Beginning in 1908 and through the next 34 years, the company sought to meet the demand for affordable housing as a rising middle class moved from cities to suburban areas, including the Moriches. Buyers could select from 447 kits with floorplans and exterior designs from catalogues of Honor Bilt Modern Homes.
They were shipped by rail the kits arrived complete with plans the owner could use to construct the home in a few days, or have it built by a local contractor.
Everything was identified for easy assembly and featured up-to-date conveniences like indoor plumbing, heat, and electricity and with design features recognized today as being safer, or better, for the environment.
The “Carlin,” a two-story model, had a first-floor plan with a dining room, kitchen, living room and front porch and two bedrooms and a bath on the second floor, for $1,172.

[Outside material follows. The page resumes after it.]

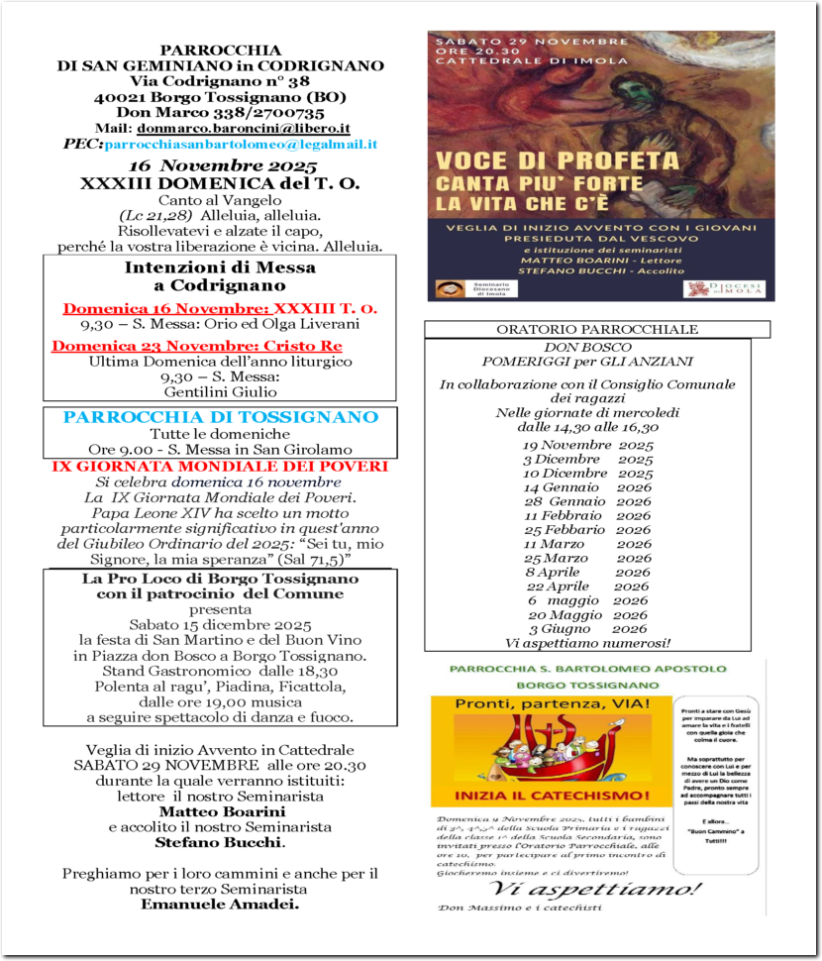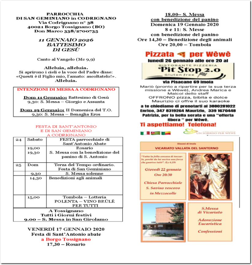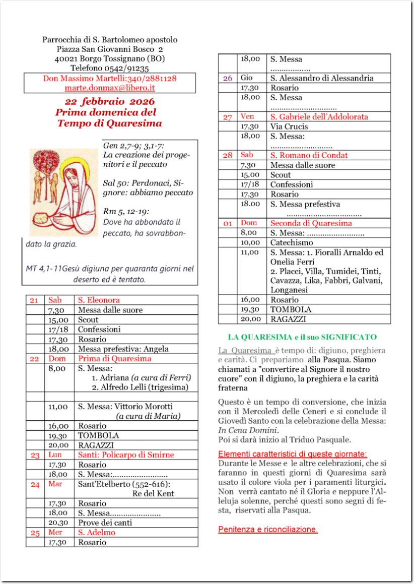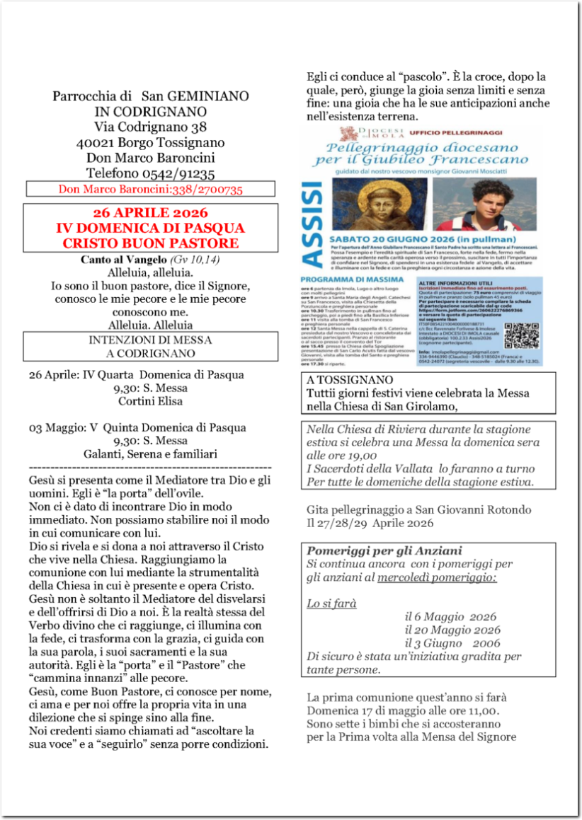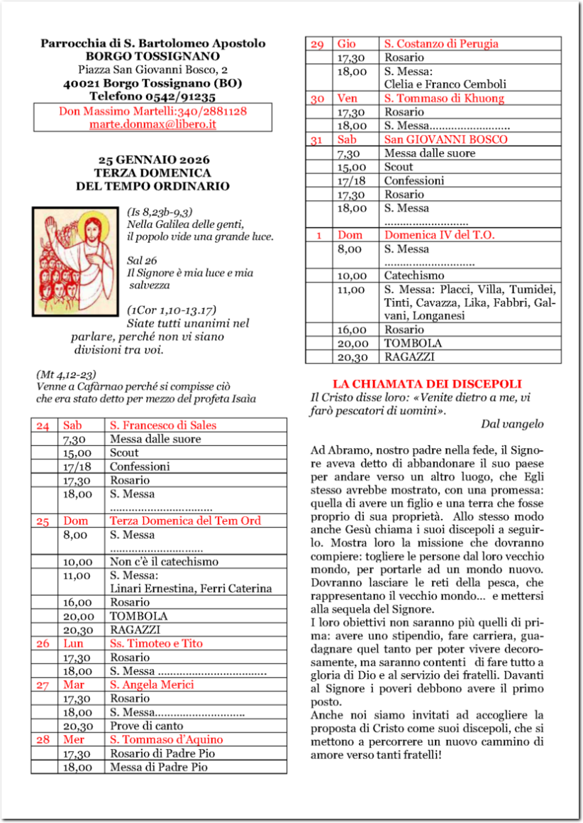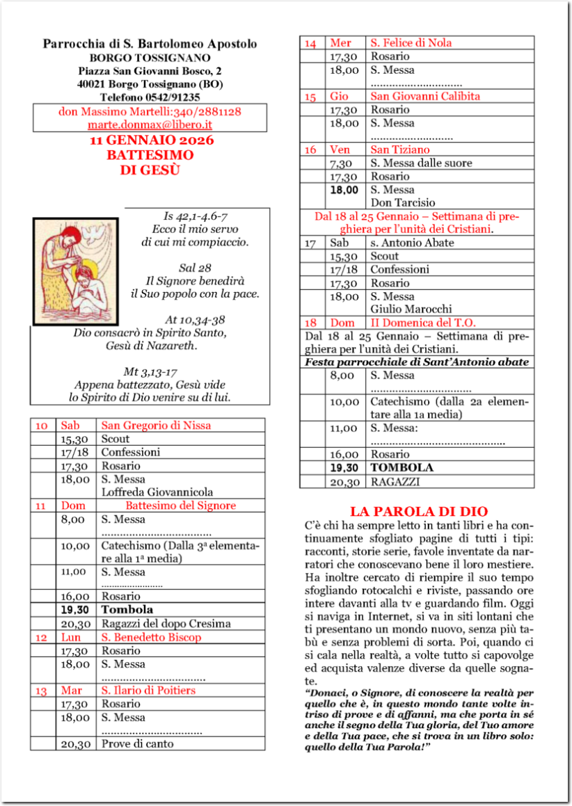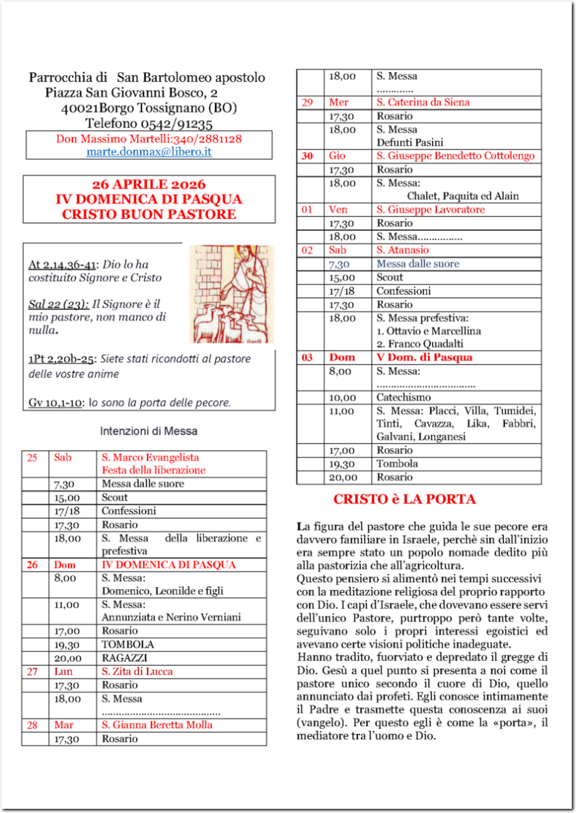 | INCARICHI | ARCIPRETE: Don Massimo Martelli-cell: 340 2881128 EMERITO: Don Marco Baroncini -cell: 338 2700735 |

Standard Oil purchased 192 Carlin kits for $1 million to attract workers to Carlinville, its company’s site in Illinois named for Thomas Carlin, the seventh governor of the state.
Of the more than 70,000 home kits Sears sold between 1908 and 1942, around 70 percent of these are still standing today. And they are desirable properties.
Most models cost between $1,000 and $5,000. In 2018, a renovated Craftsman-style 1935 “Lewiston” model kit home sold for $710,000 in Westhampton, according to Out East Magazine.
Think you may have a Sears house? For those interested in finding out more about them, SearsHouses.com maintains a national database of Sears houses in the United States and is always seeking more to add to that list.
The site includes education and information blogs, catalogues, and resources for homeowners who want to check to see if theirs is a Sears home or to include it on the database.
SearsHomes.com accepts only primary-source evidence for authentication. These include, but are not limited to, a mortgage or deed signed by a Sears trustee, a building permit or blueprints with the Sears model number, a shipping label, stamped lumber on the framing materials that corresponds to a model number, paperwork from the purchase, newspaper advertisements that the home is a Sears purchase, or a news story about its construction or financing.
The organization relies on public support to identify and update its database. Unfortunately, Sears got rid of its records of Honor Bilt Modern Homes sales, so no official list exists.
Its efforts help make resources available for those interested in learning more about this highly successful effort to provide affordable housing to middle-class families during the first half of the 20th century when everything, including the paint and varnish and the kitchen sink, could come from a catalogue.